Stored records
___
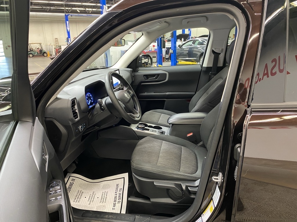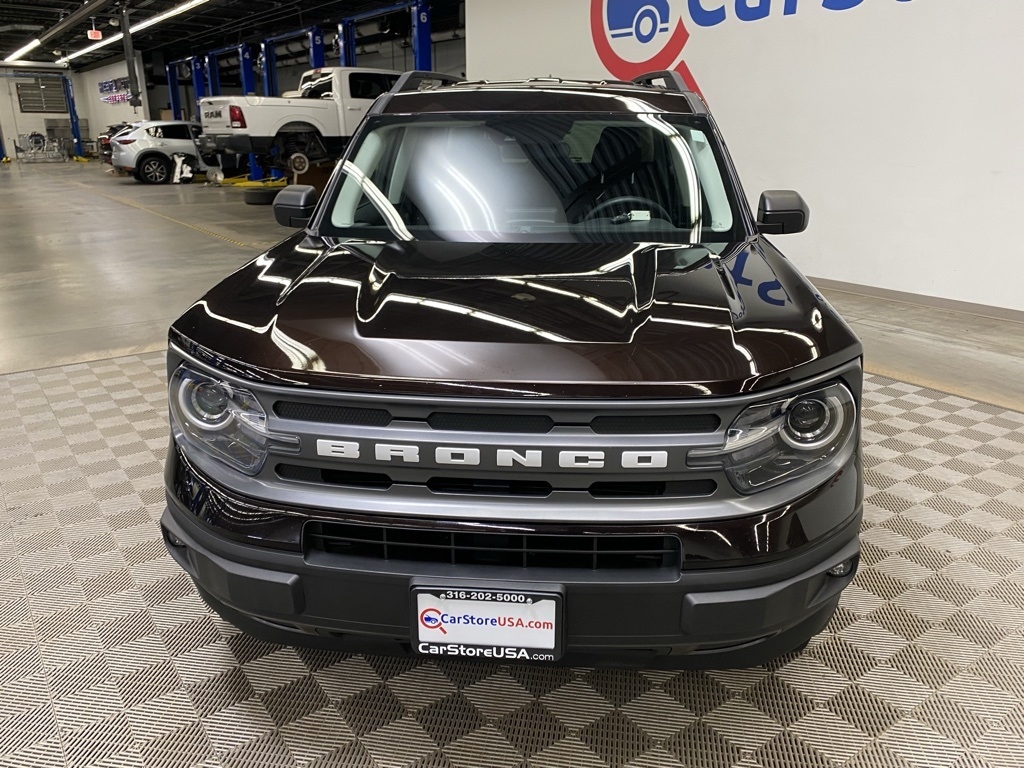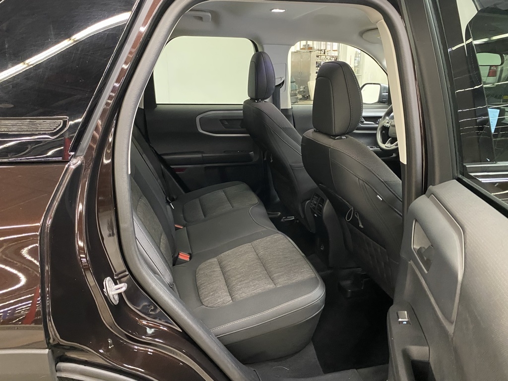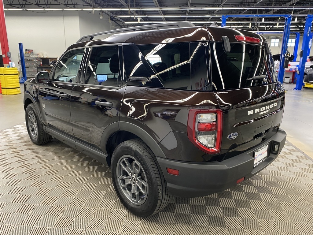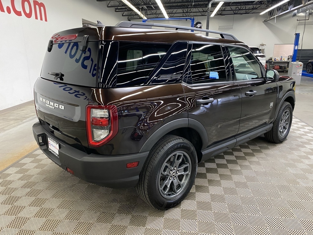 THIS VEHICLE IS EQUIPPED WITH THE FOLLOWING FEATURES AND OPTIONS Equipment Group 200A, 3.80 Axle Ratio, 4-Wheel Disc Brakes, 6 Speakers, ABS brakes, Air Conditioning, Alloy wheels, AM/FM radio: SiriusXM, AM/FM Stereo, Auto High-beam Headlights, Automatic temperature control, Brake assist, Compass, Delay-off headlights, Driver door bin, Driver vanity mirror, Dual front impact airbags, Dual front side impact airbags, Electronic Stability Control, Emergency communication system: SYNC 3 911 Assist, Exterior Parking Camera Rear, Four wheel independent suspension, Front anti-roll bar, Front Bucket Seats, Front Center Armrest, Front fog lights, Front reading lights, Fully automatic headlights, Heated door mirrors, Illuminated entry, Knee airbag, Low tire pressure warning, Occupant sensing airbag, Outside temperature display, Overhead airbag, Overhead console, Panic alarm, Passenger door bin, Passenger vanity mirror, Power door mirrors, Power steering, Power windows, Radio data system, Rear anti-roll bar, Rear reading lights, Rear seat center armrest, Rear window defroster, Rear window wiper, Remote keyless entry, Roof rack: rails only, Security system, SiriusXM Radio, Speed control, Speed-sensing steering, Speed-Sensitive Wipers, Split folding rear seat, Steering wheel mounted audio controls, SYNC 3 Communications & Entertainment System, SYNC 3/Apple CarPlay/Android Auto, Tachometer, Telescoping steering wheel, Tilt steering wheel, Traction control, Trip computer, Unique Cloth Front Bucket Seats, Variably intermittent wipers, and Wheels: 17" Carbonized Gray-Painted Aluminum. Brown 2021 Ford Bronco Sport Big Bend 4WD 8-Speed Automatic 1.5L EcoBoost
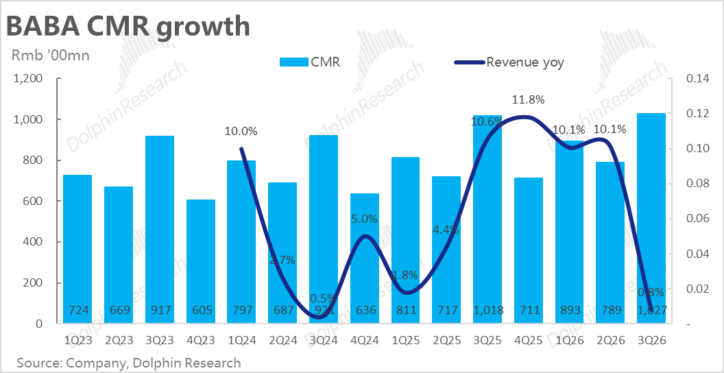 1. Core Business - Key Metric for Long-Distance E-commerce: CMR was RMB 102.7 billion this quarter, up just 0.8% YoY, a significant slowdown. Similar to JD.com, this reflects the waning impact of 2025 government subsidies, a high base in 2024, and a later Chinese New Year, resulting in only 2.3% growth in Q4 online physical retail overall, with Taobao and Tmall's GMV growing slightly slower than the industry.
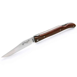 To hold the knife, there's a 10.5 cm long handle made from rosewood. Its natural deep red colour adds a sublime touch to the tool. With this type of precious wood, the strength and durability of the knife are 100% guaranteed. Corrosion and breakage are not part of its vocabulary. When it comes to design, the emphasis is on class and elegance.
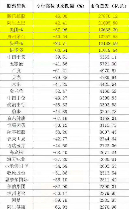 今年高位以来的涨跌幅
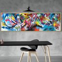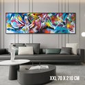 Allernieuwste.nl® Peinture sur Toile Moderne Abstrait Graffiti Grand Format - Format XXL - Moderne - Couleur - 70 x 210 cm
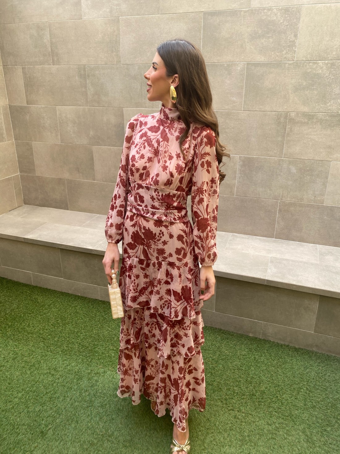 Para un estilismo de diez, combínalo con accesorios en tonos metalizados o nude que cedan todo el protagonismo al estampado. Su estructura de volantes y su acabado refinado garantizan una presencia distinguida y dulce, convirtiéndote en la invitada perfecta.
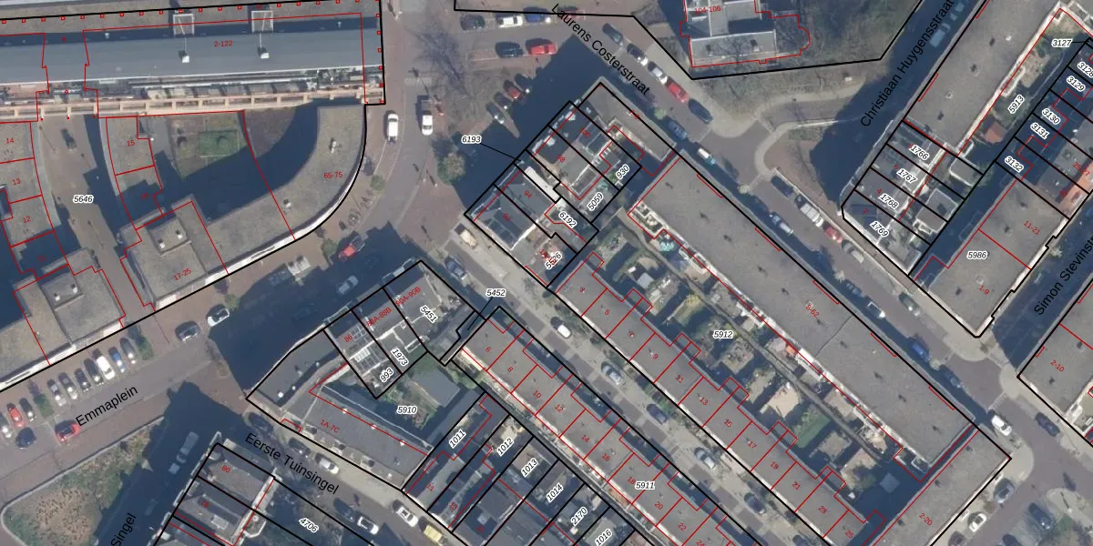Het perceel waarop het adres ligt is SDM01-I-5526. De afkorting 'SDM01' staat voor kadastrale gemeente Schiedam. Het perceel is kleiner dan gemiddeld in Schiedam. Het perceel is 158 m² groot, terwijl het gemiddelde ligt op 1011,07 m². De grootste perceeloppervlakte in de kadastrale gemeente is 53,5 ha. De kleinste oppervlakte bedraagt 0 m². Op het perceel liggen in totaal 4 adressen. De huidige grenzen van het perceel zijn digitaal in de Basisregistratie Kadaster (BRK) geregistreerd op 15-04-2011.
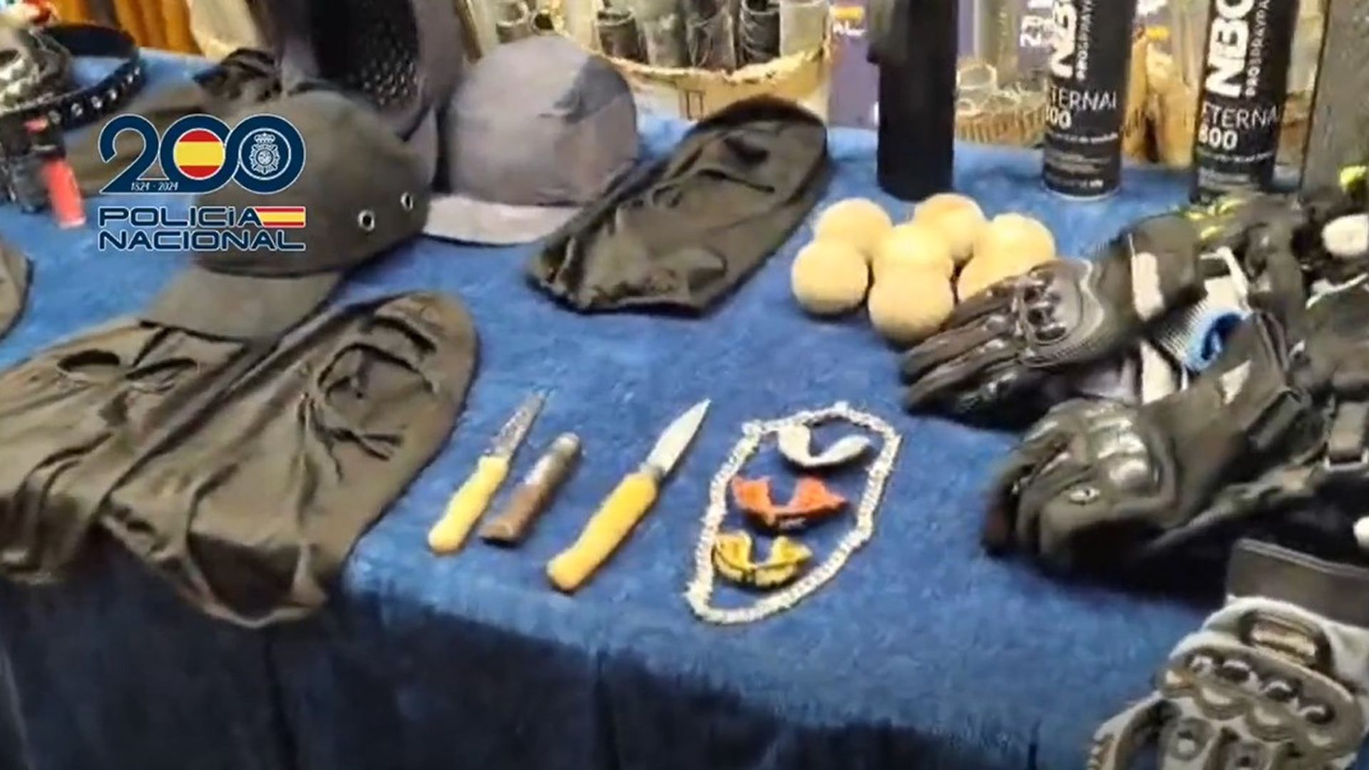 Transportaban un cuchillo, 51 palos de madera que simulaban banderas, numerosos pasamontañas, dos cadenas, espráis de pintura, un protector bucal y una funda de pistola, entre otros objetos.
___
■ **Exercise description**: All entries should be reproduced exactly; no picture belongs in the result.

■ **Task answer**:
 THIS VEHICLE IS EQUIPPED WITH THE FOLLOWING FEATURES AND OPTIONS Equipment Group 200A, 3.80 Axle Ratio, 4-Wheel Disc Brakes, 6 Speakers, ABS brakes, Air Conditioning, Alloy wheels, AM/FM radio: SiriusXM, AM/FM Stereo, Auto High-beam Headlights, Automatic temperature control, Brake assist, Compass, Delay-off headlights, Driver door bin, Driver vanity mirror, Dual front impact airbags, Dual front side impact airbags, Electronic Stability Control, Emergency communication system: SYNC 3 911 Assist, Exterior Parking Camera Rear, Four wheel independent suspension, Front anti-roll bar, Front Bucket Seats, Front Center Armrest, Front fog lights, Front reading lights, Fully automatic headlights, Heated door mirrors, Illuminated entry, Knee airbag, Low tire pressure warning, Occupant sensing airbag, Outside temperature display, Overhead airbag, Overhead console, Panic alarm, Passenger door bin, Passenger vanity mirror, Power door mirrors, Power steering, Power windows, Radio data system, Rear anti-roll bar, Rear reading lights, Rear seat center armrest, Rear window defroster, Rear window wiper, Remote keyless entry, Roof rack: rails only, Security system, SiriusXM Radio, Speed control, Speed-sensing steering, Speed-Sensitive Wipers, Split folding rear seat, Steering wheel mounted audio controls, SYNC 3 Communications & Entertainment System, SYNC 3/Apple CarPlay/Android Auto, Tachometer, Telescoping steering wheel, Tilt steering wheel, Traction control, Trip computer, Unique Cloth Front Bucket Seats, Variably intermittent wipers, and Wheels: 17" Carbonized Gray-Painted Aluminum. Brown 2021 Ford Bronco Sport Big Bend 4WD 8-Speed Automatic 1.5L EcoBoost
 1. Core Business - Key Metric for Long-Distance E-commerce: CMR was RMB 102.7 billion this quarter, up just 0.8% YoY, a significant slowdown. Similar to JD.com, this reflects the waning impact of 2025 government subsidies, a high base in 2024, and a later Chinese New Year, resulting in only 2.3% growth in Q4 online physical retail overall, with Taobao and Tmall's GMV growing slightly slower than the industry.
 To hold the knife, there's a 10.5 cm long handle made from rosewood. Its natural deep red colour adds a sublime touch to the tool. With this type of precious wood, the strength and durability of the knife are 100% guaranteed. Corrosion and breakage are not part of its vocabulary. When it comes to design, the emphasis is on class and elegance.
 今年高位以来的涨跌幅
 Allernieuwste.nl® Peinture sur Toile Moderne Abstrait Graffiti Grand Format - Format XXL - Moderne - Couleur - 70 x 210 cm
 Para un estilismo de diez, combínalo con accesorios en tonos metalizados o nude que cedan todo el protagonismo al estampado. Su estructura de volantes y su acabado refinado garantizan una presencia distinguida y dulce, convirtiéndote en la invitada perfecta.
Het perceel waarop het adres ligt is SDM01-I-5526. De afkorting 'SDM01' staat voor kadastrale gemeente Schiedam. Het perceel is kleiner dan gemiddeld in Schiedam. Het perceel is 158 m² groot, terwijl het gemiddelde ligt op 1011,07 m². De grootste perceeloppervlakte in de kadastrale gemeente is 53,5 ha. De kleinste oppervlakte bedraagt 0 m². Op het perceel liggen in totaal 4 adressen. De huidige grenzen van het perceel zijn digitaal in de Basisregistratie Kadaster (BRK) geregistreerd op 15-04-2011.
 Transportaban un cuchillo, 51 palos de madera que simulaban banderas, numerosos pasamontañas, dos cadenas, espráis de pintura, un protector bucal y una funda de pistola, entre otros objetos.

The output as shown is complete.